__EXERCISE DETAILS__
Reproduce, exactly and only, the lines of the data that follows from the one containing "コンディションとしては、レザ" down to the one containing "Goff’s offers a", without pictures.

__RECORD EXTRACTS__
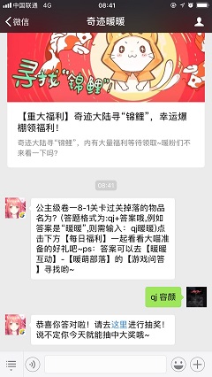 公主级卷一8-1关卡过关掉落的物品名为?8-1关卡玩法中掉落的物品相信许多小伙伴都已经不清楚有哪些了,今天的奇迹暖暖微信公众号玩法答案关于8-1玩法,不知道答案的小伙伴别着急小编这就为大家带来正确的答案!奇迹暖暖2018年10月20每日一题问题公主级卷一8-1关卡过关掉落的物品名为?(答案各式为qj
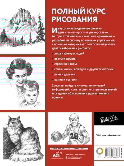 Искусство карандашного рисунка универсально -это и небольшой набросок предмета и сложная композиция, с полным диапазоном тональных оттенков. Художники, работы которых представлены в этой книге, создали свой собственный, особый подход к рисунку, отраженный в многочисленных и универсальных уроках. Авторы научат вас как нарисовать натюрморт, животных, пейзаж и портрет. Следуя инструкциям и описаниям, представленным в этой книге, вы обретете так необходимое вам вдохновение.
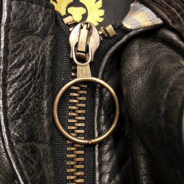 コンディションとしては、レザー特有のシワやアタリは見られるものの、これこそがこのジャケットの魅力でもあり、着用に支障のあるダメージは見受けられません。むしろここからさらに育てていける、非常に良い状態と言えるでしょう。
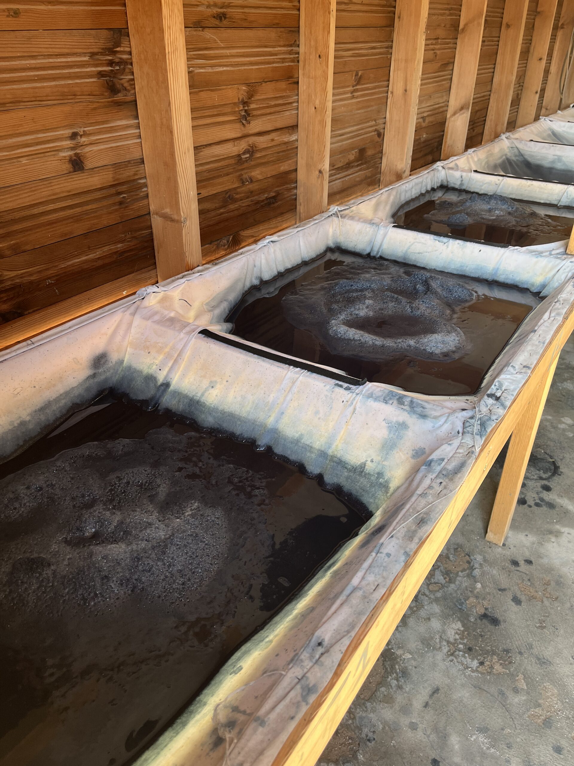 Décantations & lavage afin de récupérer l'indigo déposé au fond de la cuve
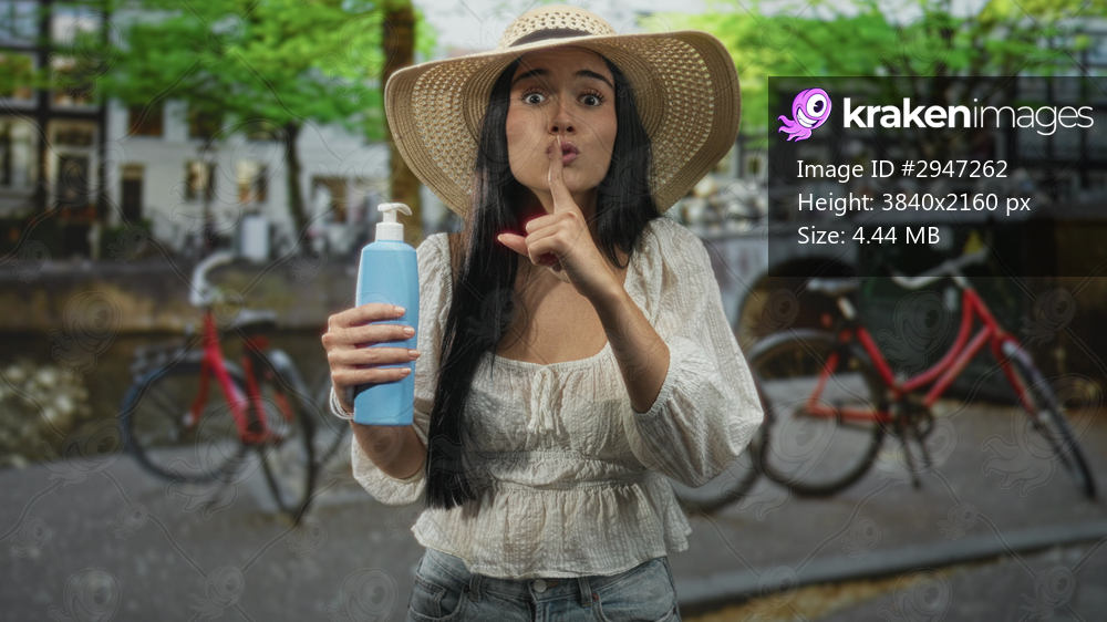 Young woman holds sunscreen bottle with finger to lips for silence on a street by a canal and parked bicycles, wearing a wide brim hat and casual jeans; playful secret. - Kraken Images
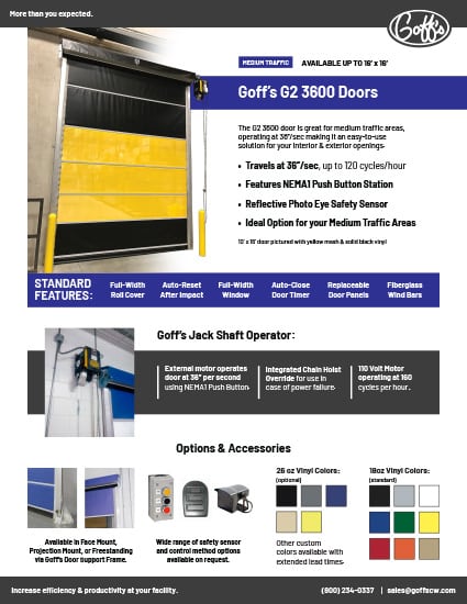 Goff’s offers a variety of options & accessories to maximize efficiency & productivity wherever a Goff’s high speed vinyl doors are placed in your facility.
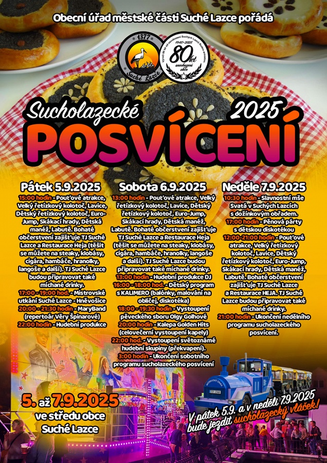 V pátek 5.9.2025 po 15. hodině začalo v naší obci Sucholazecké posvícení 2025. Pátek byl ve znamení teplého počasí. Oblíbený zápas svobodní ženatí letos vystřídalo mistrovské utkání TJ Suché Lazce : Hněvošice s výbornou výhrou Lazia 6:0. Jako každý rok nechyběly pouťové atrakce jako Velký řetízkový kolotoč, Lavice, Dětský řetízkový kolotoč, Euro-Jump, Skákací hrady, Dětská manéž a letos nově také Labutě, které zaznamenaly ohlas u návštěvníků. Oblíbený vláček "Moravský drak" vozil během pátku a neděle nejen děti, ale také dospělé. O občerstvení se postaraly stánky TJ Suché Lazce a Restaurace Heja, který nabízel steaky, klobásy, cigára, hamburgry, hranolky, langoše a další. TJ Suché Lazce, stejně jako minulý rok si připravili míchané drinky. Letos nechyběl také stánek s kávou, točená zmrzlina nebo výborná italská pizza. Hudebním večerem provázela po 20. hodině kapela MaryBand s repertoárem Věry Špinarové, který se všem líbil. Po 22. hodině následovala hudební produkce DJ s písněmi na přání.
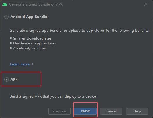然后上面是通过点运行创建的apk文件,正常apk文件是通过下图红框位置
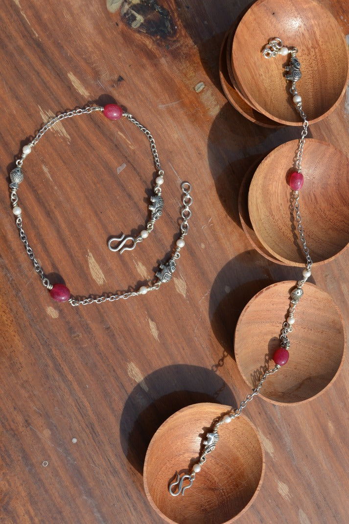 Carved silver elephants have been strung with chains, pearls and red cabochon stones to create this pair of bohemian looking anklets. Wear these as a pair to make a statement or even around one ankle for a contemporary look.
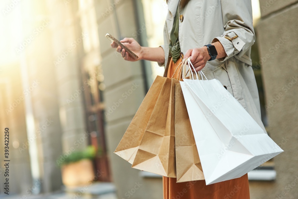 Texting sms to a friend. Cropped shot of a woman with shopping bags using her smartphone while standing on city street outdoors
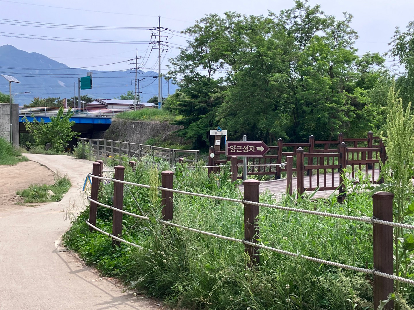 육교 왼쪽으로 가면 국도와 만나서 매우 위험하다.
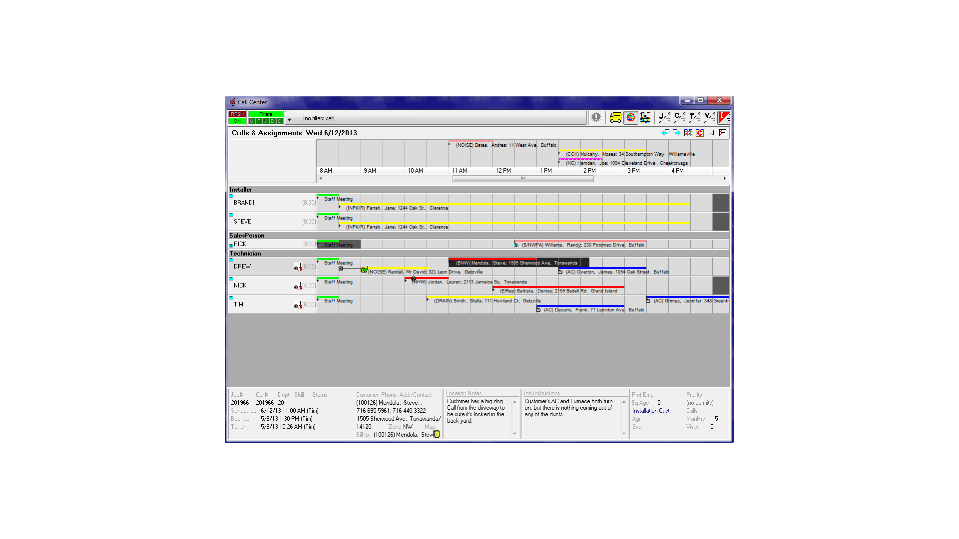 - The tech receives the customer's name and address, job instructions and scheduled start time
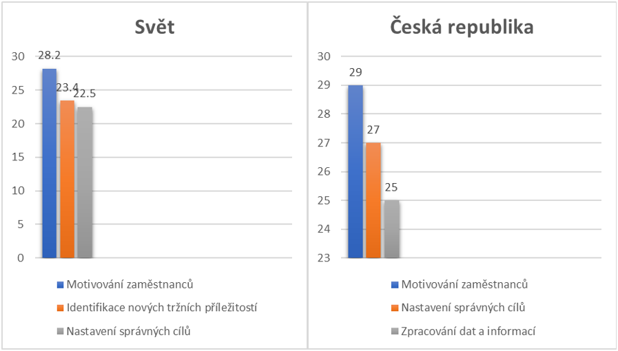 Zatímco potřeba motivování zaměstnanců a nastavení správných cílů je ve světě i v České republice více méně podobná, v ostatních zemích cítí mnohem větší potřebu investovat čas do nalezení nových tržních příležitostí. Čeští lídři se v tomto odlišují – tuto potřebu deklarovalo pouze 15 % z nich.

...

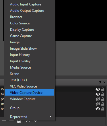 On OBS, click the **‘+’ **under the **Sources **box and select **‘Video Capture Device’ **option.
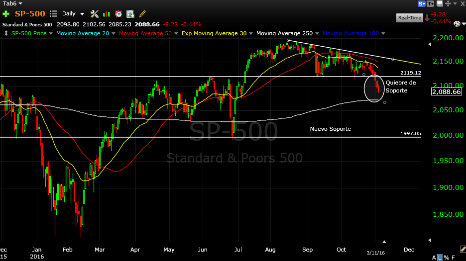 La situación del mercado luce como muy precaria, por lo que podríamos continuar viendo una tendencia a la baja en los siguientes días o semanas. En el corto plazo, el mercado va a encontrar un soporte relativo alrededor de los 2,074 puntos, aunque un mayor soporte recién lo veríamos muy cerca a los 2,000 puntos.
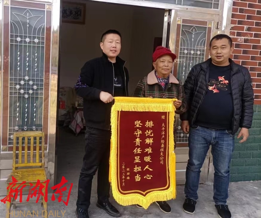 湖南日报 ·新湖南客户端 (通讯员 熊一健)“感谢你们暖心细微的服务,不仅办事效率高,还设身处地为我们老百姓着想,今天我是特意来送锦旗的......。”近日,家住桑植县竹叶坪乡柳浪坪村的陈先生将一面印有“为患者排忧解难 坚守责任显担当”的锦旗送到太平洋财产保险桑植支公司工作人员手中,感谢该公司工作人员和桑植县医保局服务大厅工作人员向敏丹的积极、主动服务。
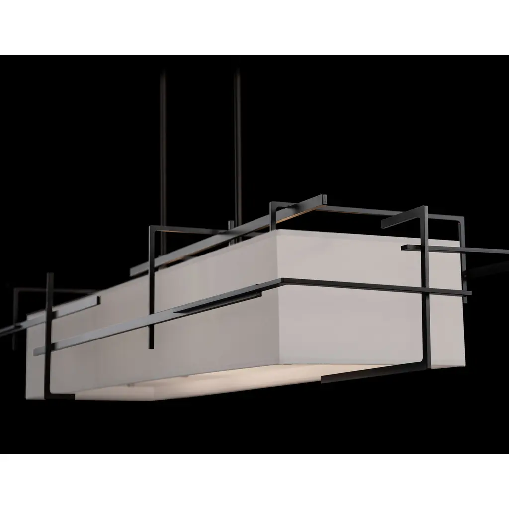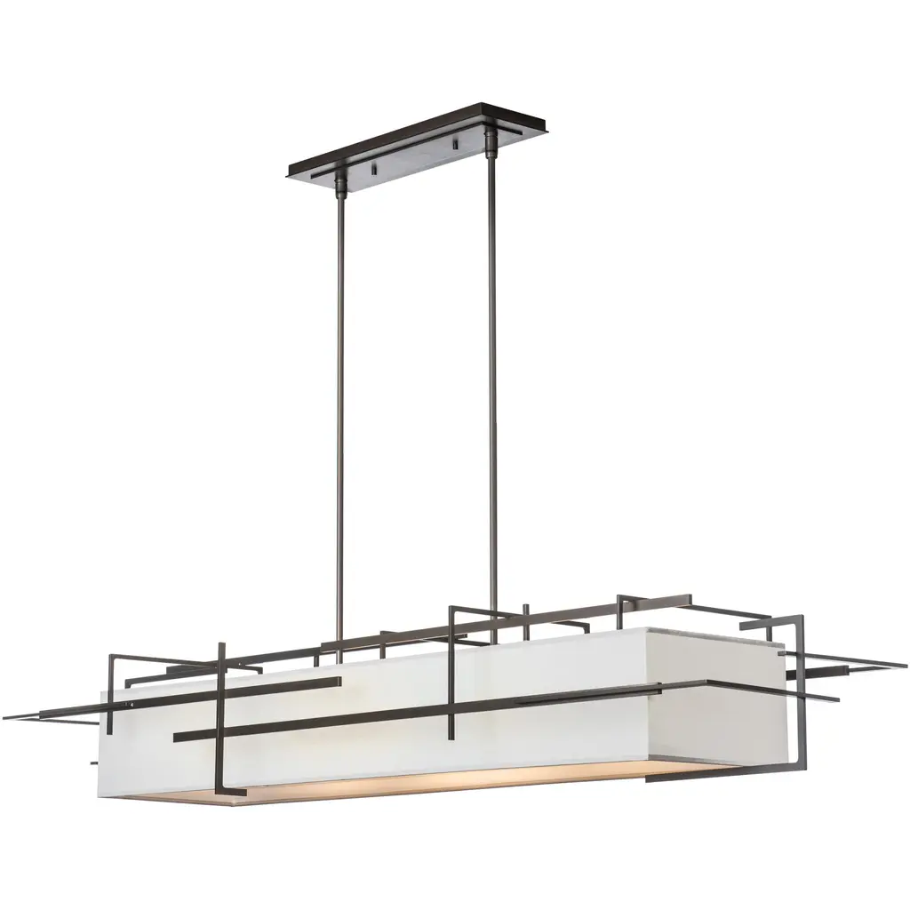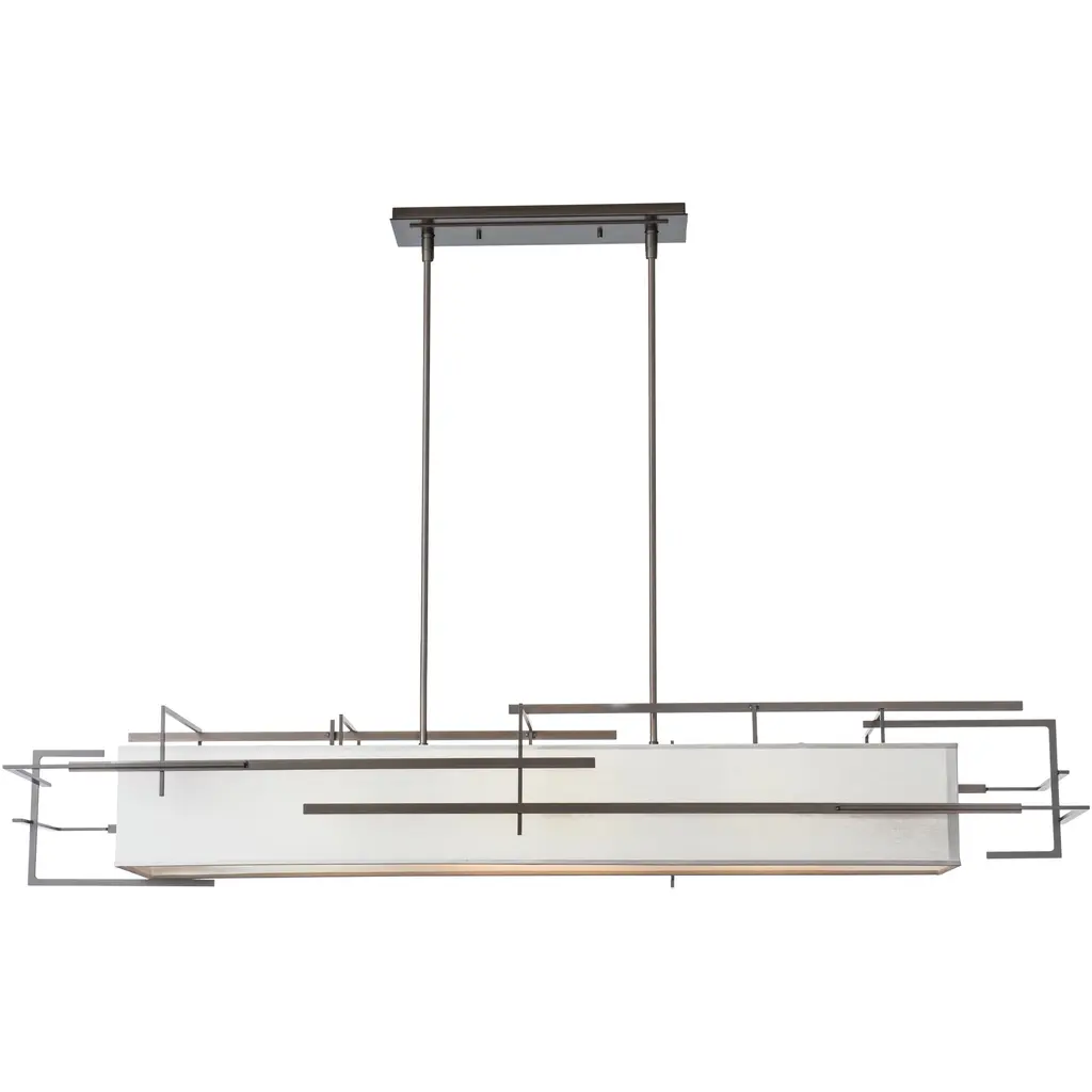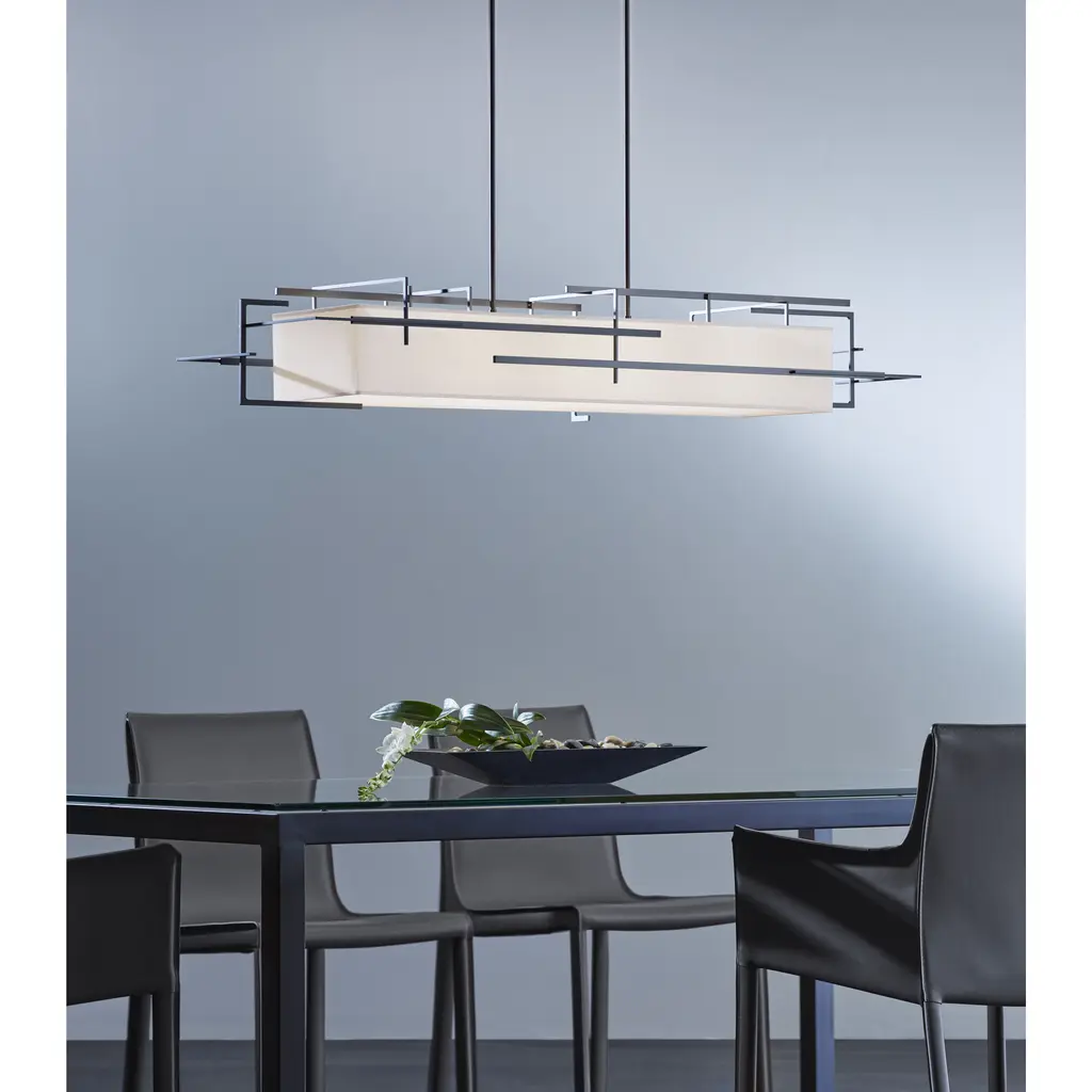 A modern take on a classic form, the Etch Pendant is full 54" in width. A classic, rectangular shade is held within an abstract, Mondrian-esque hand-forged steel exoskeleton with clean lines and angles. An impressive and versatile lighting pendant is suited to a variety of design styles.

* * *

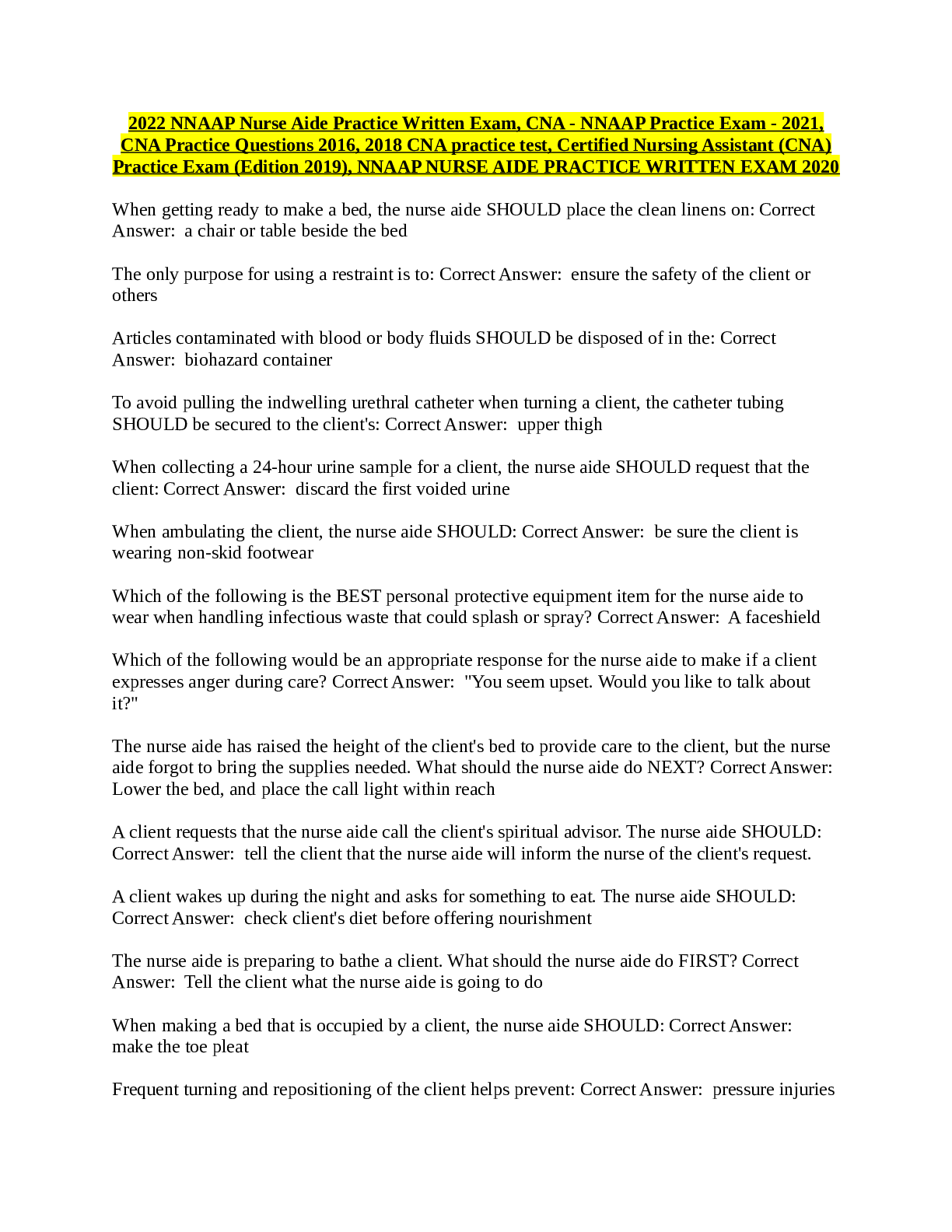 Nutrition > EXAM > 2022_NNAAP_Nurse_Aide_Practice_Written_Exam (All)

__EXERCISE OUTPUT__
 コンディションとしては、レザー特有のシワやアタリは見られるものの、これこそがこのジャケットの魅力でもあり、着用に支障のあるダメージは見受けられません。むしろここからさらに育てていける、非常に良い状態と言えるでしょう。
 Décantations & lavage afin de récupérer l'indigo déposé au fond de la cuve
 Young woman holds sunscreen bottle with finger to lips for silence on a street by a canal and parked bicycles, wearing a wide brim hat and casual jeans; playful secret. - Kraken Images
 Goff’s offers a variety of options & accessories to maximize efficiency & productivity wherever a Goff’s high speed vinyl doors are placed in your facility.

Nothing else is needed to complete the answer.